Denis apanhou a tocha das mãos de Tom, espremeu-se e adentrou na galeria. Logo em seguida foi Amada e por último Tom, que depois passou a frente para mostrar o caminho.


- Por aqui. – dirigiu-se ao lugar que levava ao lago subterrâneo e os outros o seguiram. – Bonito, não é?


- Uau! Que enorme e legal! – Amada sorriu olhando para a parte de cima da caverna.

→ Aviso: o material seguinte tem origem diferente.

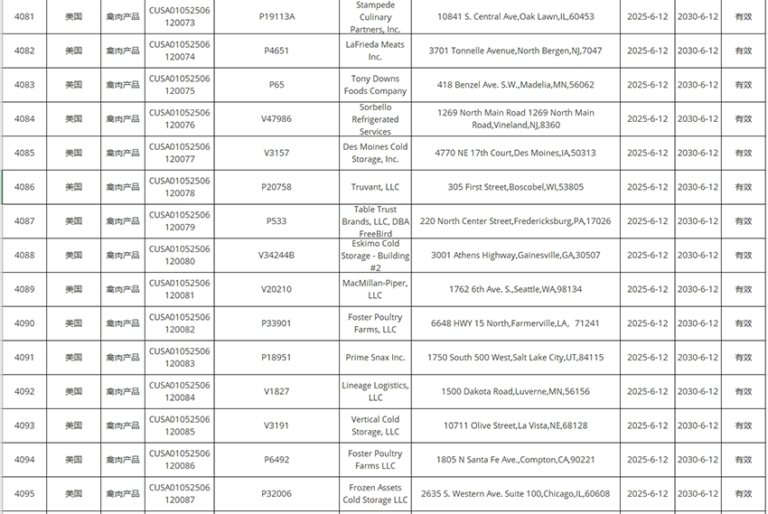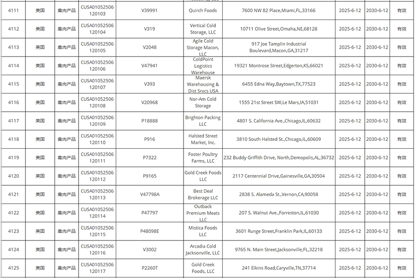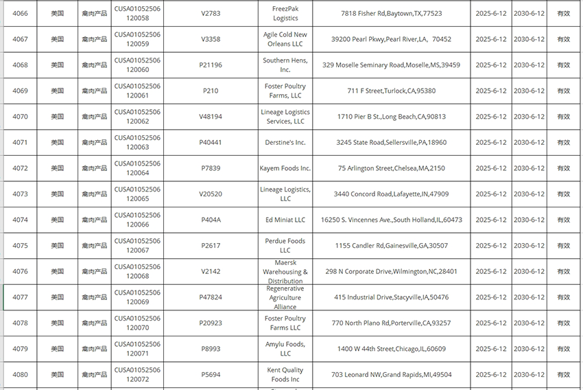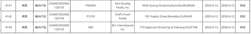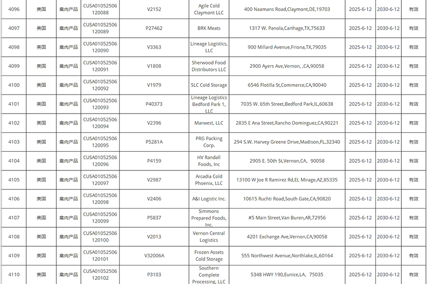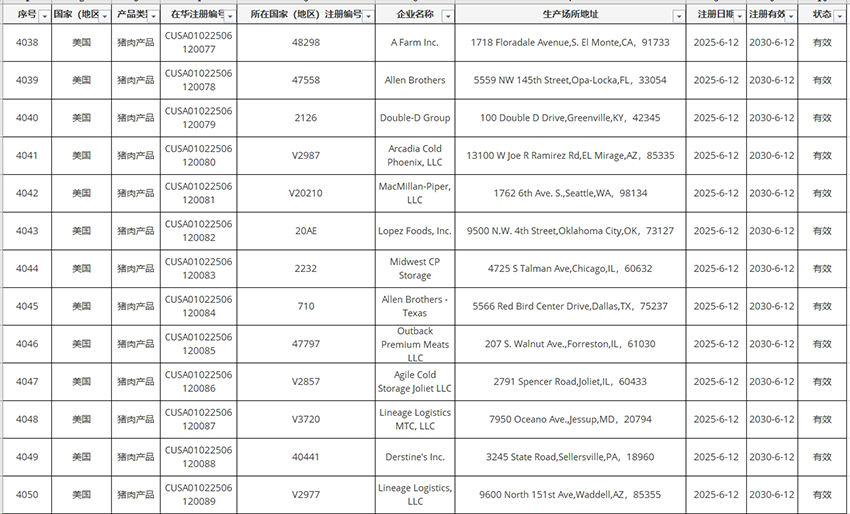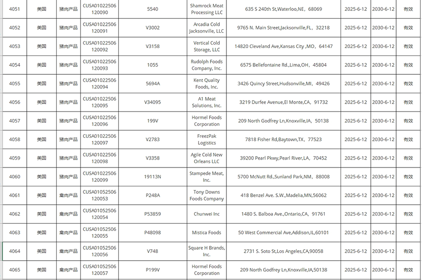 新增美國豬肉、禽肉企業(yè)自2025年6月12日及之后生產(chǎn)的符合中國要求的肉類產(chǎn)品輸華。其中83家禽肉企業(yè),23家豬肉企業(yè)。

- Era isso que queria mostrar? – Denis perguntou debochado. – Nossa! Grande surpresa.



- Não. – respondeu sério. – Não é isso. Dê-me a tocha. – hesitante, ele entregou. Tom andou até a beira da água e apontou com o dedo. – É isso.


Os dois aproximaram-se curiosos. Tom então virou-se rapidamente, e empurrou o garoto para dentro do lago e saiu correndo apagando a tocha.


Antes de sair pela fenda, ouviu Amada gritar.


- TOM! Por que está fazendo isso? – perguntou choramingando. - Denis...? Cadê você? Ta tão escuro...


- Eu já volto! Esqueci uma coisa. – Tom respondeu cinicamente.


- Me ajuda, Ama! Eu não sei nadar!


- Não consigo te ver. – a menina chorava assustada.


Tom subiu de volta a escadaria sorrindo deliciado com o pavor dos colegas. Isso era melhor do que qualquer coisa.


Chegou em terra firme e olhou na direção do mar.


A maré estava subindo. Daqui a algumas horas cobriria toda a caverna.


- Hum...será que eles conseguem achar a saída a tempo? – perguntou pensativo. Não estava preocupado. Era mais como uma aposta consigo mesmo.